After the decisions in the two Supreme Court cases above cited,- the Congress amended the statute and specifically provided the following exemption:
“Section 1802 * * *
“(b) * * * The tax shall not be imposed upon deliveries or transfers of shares or certificates—
“(1) From the owner to a custodian if under a written agreement between the parties the shares or certificates are to be held or disposed of by such custodian for, and subject at all times to the instructions of, the owners; * * *.*
2. It is argued by the defendant that the plaintiff had a right to receive such securities, and, that, in conferring said right or transferring said right to its trustee it became liable for the documentary tax provided in the section. Under the charter of the plaintiff it did not have- the right to a transfer of such securities. It had renounced such right and provided in its charter and its contract with the Commerce Trust Company that the securities purchased on its behalf and out of funds on deposit with its trustee should always be held by the trustee subject to the orders of the plaintiff but in no case was it to hold such securities. It would have been a violation of its charter and its contract with the custodian or trustee if in any case it had permitted the transfer of any securities to it.
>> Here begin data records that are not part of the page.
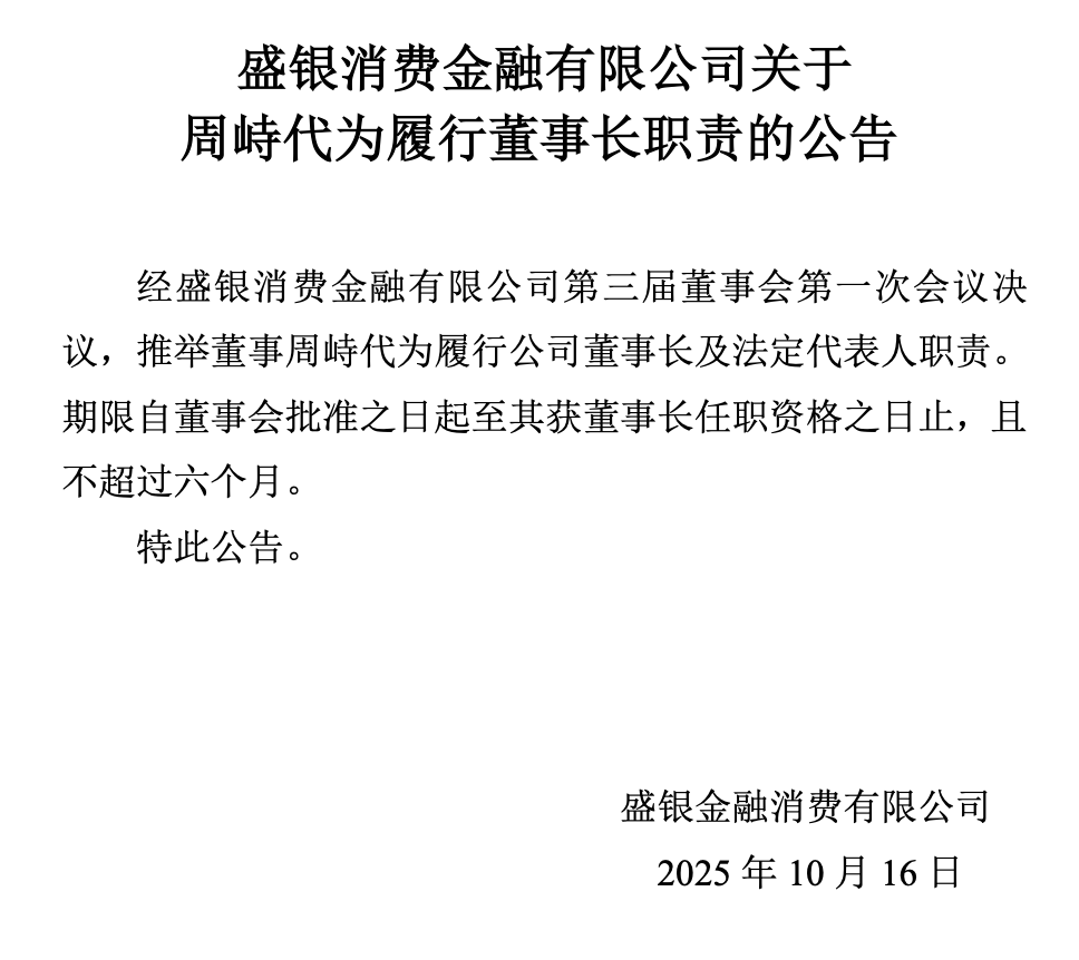 近日,盛银消费金融有限公司(下称"盛银消金")在官网发布的公告显示,经盛银消金第三届董事会第一次会议决议,推举董事周峙代为履行公司董事长及 法定代表人职责。期限自董事会批准之日起至其获董事长任职资格之日止,且不超过六个月。 值得一提的是,就在一个多月前,9月4日,辽宁金融监督管理局刚核准周峙盛银消金董事的任职资格。 周峙"代行"董事长职责 人事变动频繁 事实上,在盛京银行2025年4月发布的2024年年度报告中提到,周峙已于2025年1月获推荐为盛银消费金融董事长。但其任职资格一直未被核准。直至2025年 9月4日,其盛银消金董事的任职资格被核准,但董事长一职的任职资格仍待进一步批复。 其简历显示,周峙为盛京银行任职超30年的"老将",2015年2月获聘为该行董事会秘书,1991年8月就已加入该行前身沈阳合作银行的南湖支行。2006年6月 至2019年9月,周峙先后担任该行监事会办公室主任、发展战略研究中心副主任及主任;2005年5月至2006年6月期间,担任该行行长办公室副主任。 1998年5月至2005年5月期间,周峙担任市场发展部总经理助理、副总经理以及发展战略研究中心副主任;1991年8月至1998年 ...
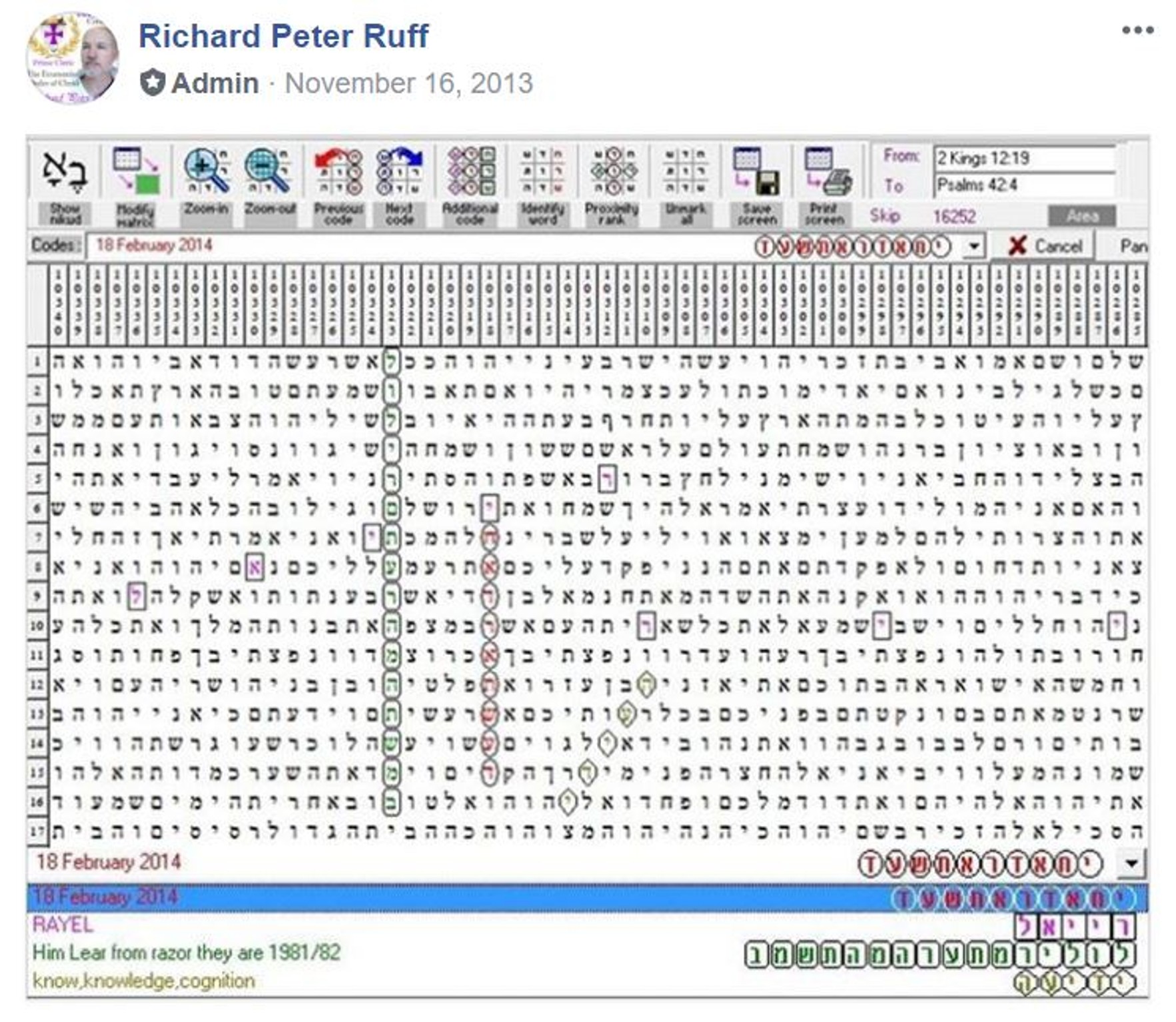 With the following Bible Code published well in advance, it brought much speculation to what it could mean, published on the 16th Nov 2013 for the date of February 2014.
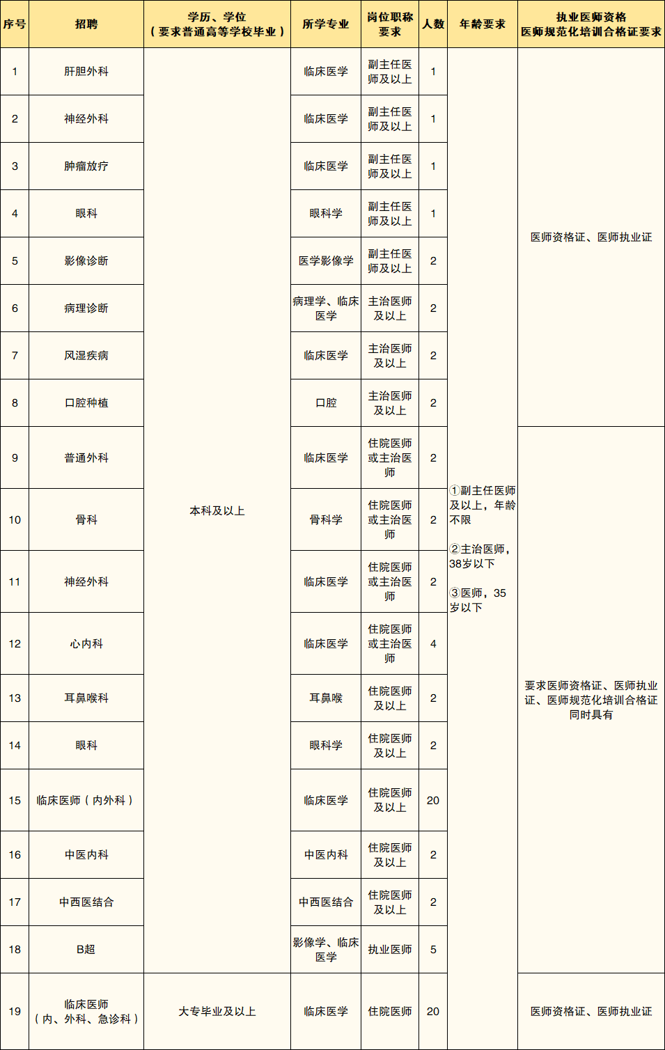临床医疗专业副主任医师以上不作年龄限制,主治医师 38 岁以下, 医师 35 岁以下,梅州户籍优先。
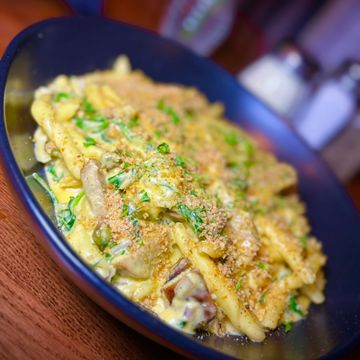 A creamy pumpkin pasta sauce with crumbled sweet Italian sausage, pistachios, kale, and toasted breadcrumbs, tossed with fresh long fusilli and finished with shaved parm
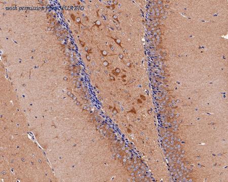 Immunohistochemical analysis of paraffin-embedded mouse hippocampus tissue with Mouse anti-FAM38A / PIEZO1 antibody (HA601100) at 1/200 dilution. The section was pre-treated using heat mediated antigen retrieval with Tris-EDTA buffer (pH 9.0) for 20 minutes. The tissues were blocked in 1% BSA for 20 minutes at room temperature, washed with ddH2O and PBS, and then probed with the primary antibody (HA601100) at 1/200 dilution for 1 hour at room temperature. The detection was performed using an HRP conjugated compact polymer system. DAB was used as the chromogen. Tissues were counterstained with hematoxylin and mounted with DPX.
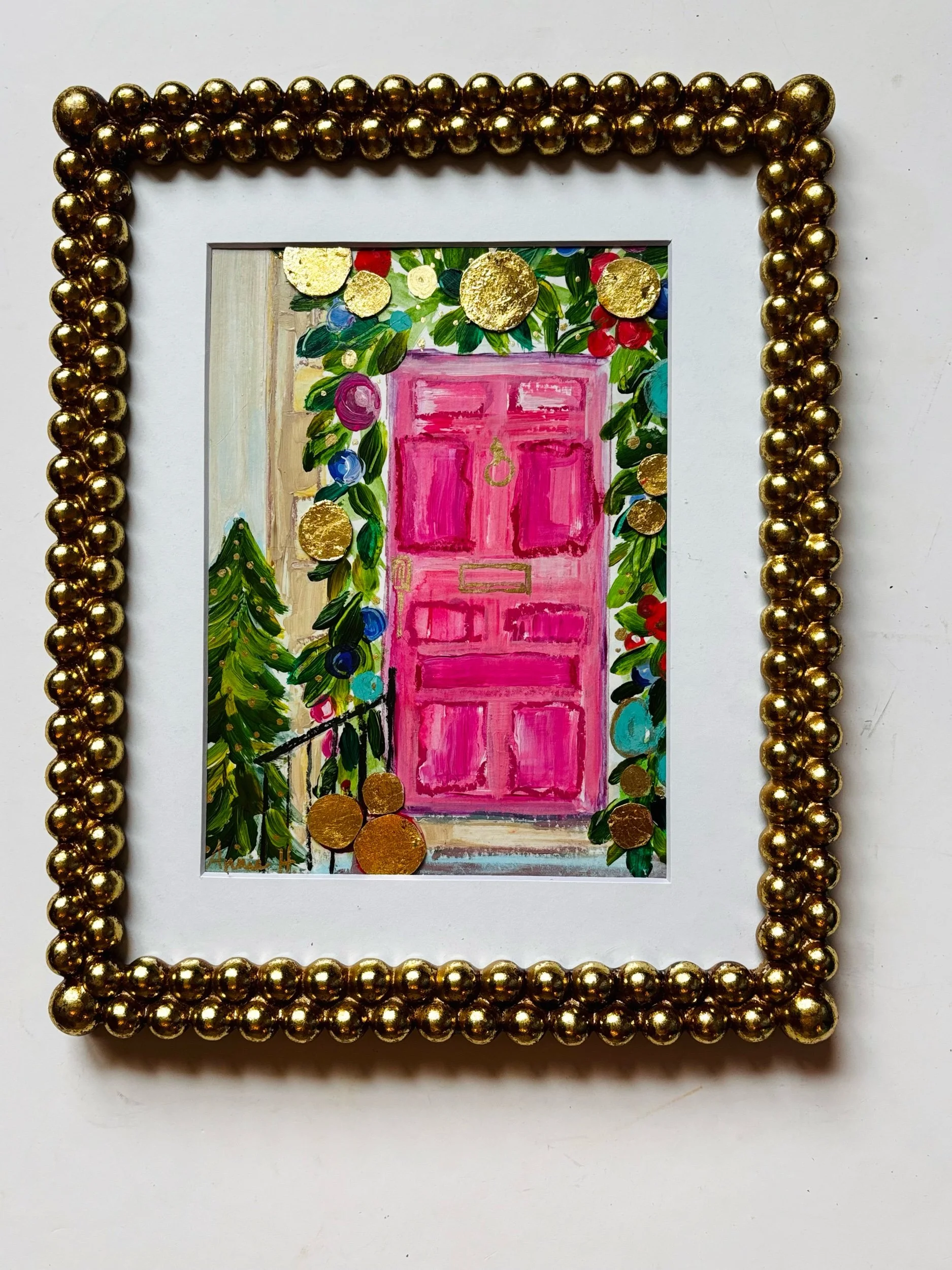 Step into the season with my Home for the Holidays collection — a series of festive front doors inspired by the magic, nostalgia, and warmth of Christmastime. Each piece celebrates the charm of a welcoming entryway: twinkling lights, winter greenery, classic wreaths, and joyful bows in my signature vibrant palette. Whether you’re decorating your own home or gifting something meaningful, these originals capture the feeling of stepping into a place filled with love, tradition, and holiday wonder. Perfect for collectors who treasure cozy memories, seasonal décor, and art that tells a story.A vibrant fuchsia door surrounded by festive garland and shimmering gold accents — playful, bright, and full of personality. This piece brings an unexpected pop of color to holiday décor while still feeling nostalgic and cozy. Perfect for collectors who love bold hues and joyful seasonal charm.
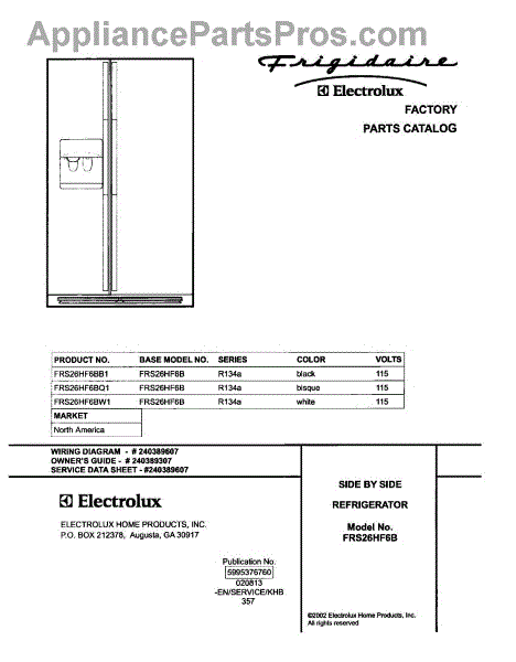 Parts for Frigidaire FRS26HF6BQ1: 01 - Cover Parts
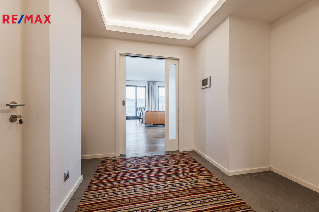 Nabízíme k pronájmu nadstandardní byt 3+kk v prestižní rezidenci River Watch Dock – Praha 8, Libeň, s výjimečným výhledem na marinu, a okolní zeleň.

Moreover, the situation presented in Ray-bestos-Manhattan Corp. v. United States, supra, is far different from the facts in this case. In the Raybestos-Manhattan Corp. case two separate corporations conveyed their property to a new corporation in return for the shares of the new corporation’s capital stock. Instead of issuing the stock directly to the two constituent corporations, the new corporation issued its shares direct to the stockholders of the old corporation in proportion to their holdings. Obviously, it was the right of the constituent corporations to receive the shares of stock of the new corporation in exchange for the assets of said corporations. This amounted to an evasion of the law and the court upheld an imposition of the tax.
In the case of Founders General Corp. v. Hoey, supra, the subscriber for the capital stock of the company, for his own convenience, caused the shares to be issued to his nominee and his agent directly by the corporation. The court simply held that by the subscriber’s action he transferred his right to receive the certificates to his agent and that such a transfer was taxable.
The facts in the case at bar are far different from the cases discussed. Moreover, after the decisions, as above stated, the statute was amended and liberalized on behalf of the taxpayer. The plaintiff is squarely within the amendment and is entitled to recover the amount exacted, with interest from the time demand was made, to wit, July 3, 1945, at six per cent, per annum. Such interest should be computed until paid by the government. It will be so ordered.